Segment Open

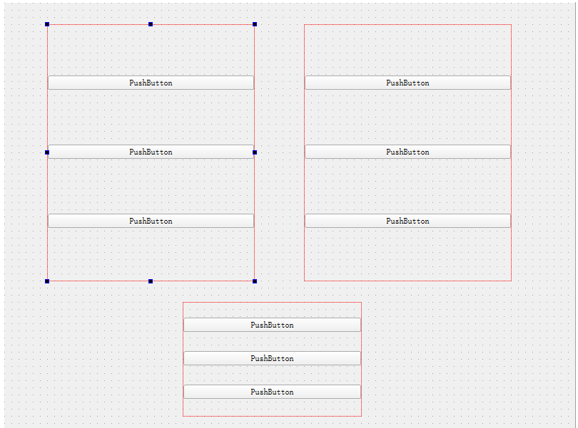 通过在界面中添加多个VBoxLayout控件,实现分组控制控件缩放。示例:
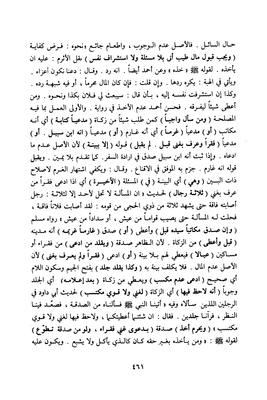(وَمَنْ سَأَلَ وَاجِبًا) كَمَنْ طَلَبَ شَيْئًا مِنْ زَكَاةٍ (مُدَّعِيًا كِتَابَةً) أَيْ: أَنَّهُ مُكَاتَبٌ (أَوْ) مُدَّعِيًا (غُرْمًا) أَيْ: أَنَّهُ غَارِمٌ (أَوْ) مُدَّعِيًا (أَنَّهُ ابْنُ سَبِيلٍ. أَوْ) مُدَّعِيًا (فَقْرًا وَعُرِفَ بِغِنًى قَبْلُ لَمْ يُقْبَلْ) قَوْلُهُ (إلَّا بِبَيِّنَةٍ) لِأَنَّ الْأَصْلَ عَدَمُ مَا ادَّعَاهُ، وَإِذَا ثَبَتَ أَنَّهُ ابْنُ سَبِيلٍ صُدِّقَ فِي إرَادَةِ السَّفَرِ، كَمَا تَقَدَّمَ بِلَا يَمِينٍ، وَيُقْبَلُ قَوْلُ إنَّهُ غَارِمٌ، جَزَمَ بِهِ الْمُوَفَّقُ فِي الْإِقْنَاعِ، وَقَالَ: وَيَكْفِي اشْتِهَارُ الْغُرْمِ لِإِصْلَاحِ ذَاتِ الْبَيْنِ (وَهِيَ) أَيْ: الْبَيِّنَةُ (فِي) الْمَسْأَلَةِ (الْأَخِيرَةِ) أَيْ: إذَا ادَّعَى فَقْرًا مَنْ عُرِفَ بِغِنًى (ثَلَاثَةُ رِجَالٍ) لِحَدِيثِ «إنَّ الْمَسْأَلَةَ لَا تَحِلُّ لِأَحَدٍ إلَّا لِثَلَاثَةٍ: رَجُلٌ أَصَابَتْهُ فَاقَةٌ حَتَّى يَشْهَدَ ثَلَاثَةٌ مِنْ ذَوِي الْحِجَا مِنْ قَوْمِهِ: لَقَدْ أَصَابَتْ فُلَانًا فَاقَةٌ، فَحَلَّتْ لَهُ الْمَسْأَلَةُ حَتَّى يُصِيبَ قِوَامًا مِنْ عَيْشٍ، أَوْ سِدَادًا مِنْ عَيْشٍ» رَوَاهُ مُسْلِمٌ.
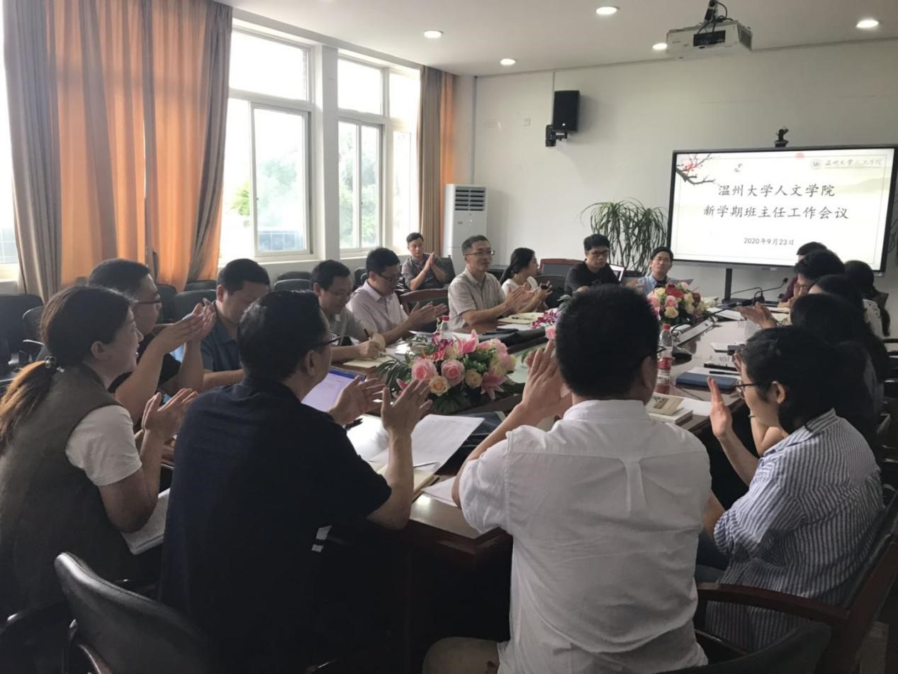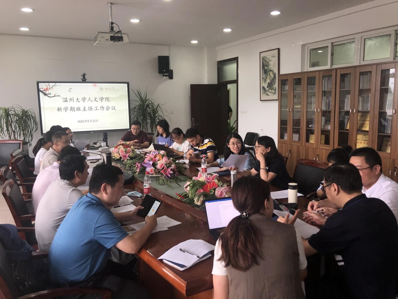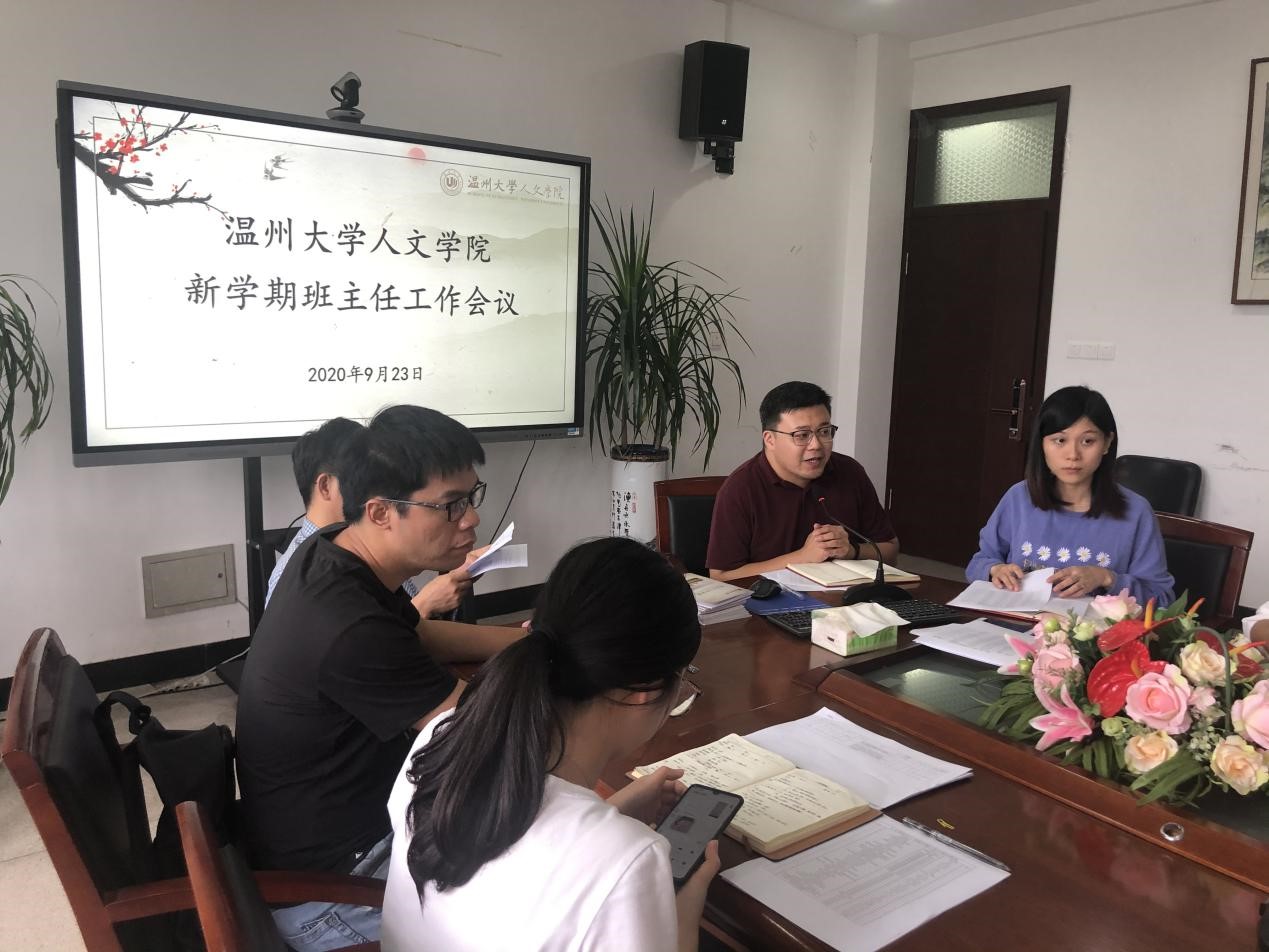 2020年9月23日下午,财神捕鱼 在人文楼213会议室召开了本学期的新学期班主任工作会议。财神捕鱼 党委副书记魏一、学工办辅导员胡震鹏、申业磊、李丹萍、张丹妮及各班级班主任出席此次会议。
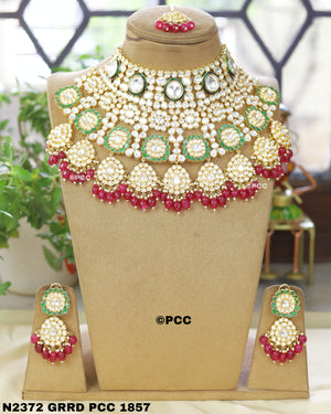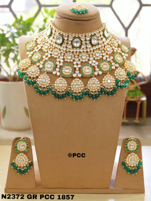 Heirloom Polki Bridal Necklace Set by Pinkcity craft dazzles with exquisite uncut polki diamonds, vibrant emerald accents, and traditional kundan craftsmanship. The intricate layered design beautifully balances ornate floral motifs and bold gemstone drops, making it the perfect regal statement for bridal occasions. The complemented earrings and matching maang tikka add to the set’s majestic appeal, creating a timeless treasure for weddings and grand celebrations.
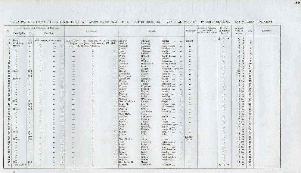 Glasgow Valuation Roll VR 1913-14, Ward 37, p089
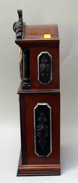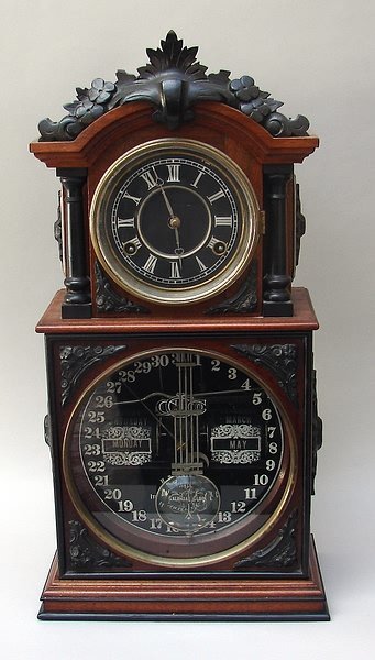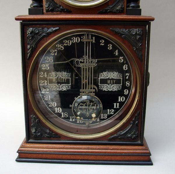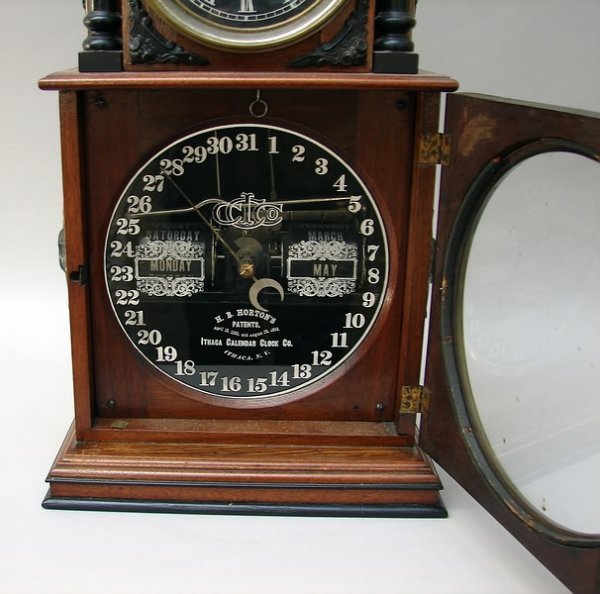 Ithaca # 3 1/2, Parlor model- 8 day, time and strike with calendar giving month, day and date, glass pendulum with Ithaca logo, walnut with ebonized trim, 20″ H x 10 1/2″ W x 5 1/2″ D.

Segment Closed

[ACTIVITY] Give again, word for word, only the lines that run from the top of the data above through the line with "(وَمَنْ سَأَلَ وَاجِبًا)". Drop the pictures.

[SOLVED PROBLEM]
 通过在界面中添加多个VBoxLayout控件,实现分组控制控件缩放。示例:
(وَمَنْ سَأَلَ وَاجِبًا) كَمَنْ طَلَبَ شَيْئًا مِنْ زَكَاةٍ (مُدَّعِيًا كِتَابَةً) أَيْ: أَنَّهُ مُكَاتَبٌ (أَوْ) مُدَّعِيًا (غُرْمًا) أَيْ: أَنَّهُ غَارِمٌ (أَوْ) مُدَّعِيًا (أَنَّهُ ابْنُ سَبِيلٍ. أَوْ) مُدَّعِيًا (فَقْرًا وَعُرِفَ بِغِنًى قَبْلُ لَمْ يُقْبَلْ) قَوْلُهُ (إلَّا بِبَيِّنَةٍ) لِأَنَّ الْأَصْلَ عَدَمُ مَا ادَّعَاهُ، وَإِذَا ثَبَتَ أَنَّهُ ابْنُ سَبِيلٍ صُدِّقَ فِي إرَادَةِ السَّفَرِ، كَمَا تَقَدَّمَ بِلَا يَمِينٍ، وَيُقْبَلُ قَوْلُ إنَّهُ غَارِمٌ، جَزَمَ بِهِ الْمُوَفَّقُ فِي الْإِقْنَاعِ، وَقَالَ: وَيَكْفِي اشْتِهَارُ الْغُرْمِ لِإِصْلَاحِ ذَاتِ الْبَيْنِ (وَهِيَ) أَيْ: الْبَيِّنَةُ (فِي) الْمَسْأَلَةِ (الْأَخِيرَةِ) أَيْ: إذَا ادَّعَى فَقْرًا مَنْ عُرِفَ بِغِنًى (ثَلَاثَةُ رِجَالٍ) لِحَدِيثِ «إنَّ الْمَسْأَلَةَ لَا تَحِلُّ لِأَحَدٍ إلَّا لِثَلَاثَةٍ: رَجُلٌ أَصَابَتْهُ فَاقَةٌ حَتَّى يَشْهَدَ ثَلَاثَةٌ مِنْ ذَوِي الْحِجَا مِنْ قَوْمِهِ: لَقَدْ أَصَابَتْ فُلَانًا فَاقَةٌ، فَحَلَّتْ لَهُ الْمَسْأَلَةُ حَتَّى يُصِيبَ قِوَامًا مِنْ عَيْشٍ، أَوْ سِدَادًا مِنْ عَيْشٍ» رَوَاهُ مُسْلِمٌ.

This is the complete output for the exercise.